Pioneers of Reinforcement Learning Win the Turing Award

Last updated: March 5, 2025 10:28 am

By MT HANNACH

4 Min Read

Disclosure: This website may contain affiliate links, which means I may earn a commission if you click on the link and make a purchase. I only recommend products or services that I personally use and believe will add value to my readers. Your support is appreciated!

In the 1980s, Andrew Barto And Rich Sutton were considered eccentric devotees to an elegant but ultimately condemned idea – to learn the machines, as humans and animals do, from experience.

Decades, with the technique they owed more and more critical for modern for modern artificial intelligence and programs like CatBarto and Sutton received the Turing Prize, the highest distinction in the field of computer science.

Barto, professor emeritus at the University of Massachusetts Amherst, and Sutton, professor at the University of Alberta, have a pioneer a technique known as the reinforcement learning, which involves having a computer to perform tasks through Experimentation combined with positive or negative feedback.

“When this work started for me, it was extremely old -fashioned,” recalls Barto with a smile, speaking on Zoom from his home in the Massachusetts. “It was remarkable that [it has] has made a certain influence and a certain attention, ”adds Barto.

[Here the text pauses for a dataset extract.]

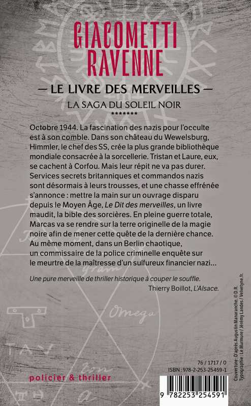 Octobre 1944. La fascination des nazis pour l’occulte est à son comble. Dans son château du Wewelsburg, Himmler, le chef des SS, crée la plus grande bibliothèque mondiale consacrée à la sorcellerie. Tristan et Laure, eux, se cachent à Corfou. Mais leur répit ne va pas durer. Services secrets britanniques et commandos nazis sont désormais à leurs trousses, et une chasse effrénée s’annonce : mettre la main sur un ouvrage disparu depuis le Moyen Âge, Le Dit des merveilles, un livre maudit, la bible des sorcières. En pleine guerre totale, Marcas va se rendre sur la terre originelle de la magie noire afin de mener cette quête de la dernière chance.

The learning of strengthening was perhaps the most famous Used by Google Deepmind in 2016 to build alphagoA program that has learned himself how to play the incredibly complex and subtle board game to go to an expert level. This demonstration has aroused new interest in the technique, which was used in advertising, Optimization of energy consumption of the data centerFinance, and flea design. The approach also has a long history in roboticsWhere it can help machines learn to perform physical tasks thanks to trials and errors.

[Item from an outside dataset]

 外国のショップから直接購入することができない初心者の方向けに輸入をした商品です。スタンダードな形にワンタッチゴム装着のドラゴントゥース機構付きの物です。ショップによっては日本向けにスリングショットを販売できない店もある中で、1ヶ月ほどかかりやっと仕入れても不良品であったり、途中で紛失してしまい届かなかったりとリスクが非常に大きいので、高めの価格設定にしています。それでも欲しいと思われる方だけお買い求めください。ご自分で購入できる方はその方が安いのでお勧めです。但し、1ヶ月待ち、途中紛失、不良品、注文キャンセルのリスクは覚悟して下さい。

More recently, strengthening learning has been crucial to guide the release of large language models (LLMS) and produce extraordinarily competent chatbot programs. The same method is also used to form AI models for Mimim human reasoningand to build More competent AI agents.

Sutton notes, however, that the methods used to guide LLM imply that humans provide objectives rather than an algorithm only learning by their own exploration. He says that the fact that machines learn entirely themselves could ultimately be more fruitful. “The big division is whether [AI is] Learn people or if it is about learning from your own experience, ”he says.

The “work of Barto and Sutton has been a Lynchpin of progress in AI in recent decades”, “,” Jeff Deansaid a main vice-president of Google, in a statement published by the Association for computer machines (ACM) which distributes the Turing price. “The tools they have developed remain a central pillar of the BOOM of the AI and have made major progress.”

Reinforcement has a long and checked history within AI. It was there at the dawn of the field, when Alan Turing suggested that machines could learn from experience and comments in his famous 1950 article “IT and Intelligence Machines“, Who examines the idea that a machine could one day think like a human. Arthur Samuel, an AI pioneer, used strengthening learning to build one of the first automatic learning programs, A system capable of playing ladiesin 1955.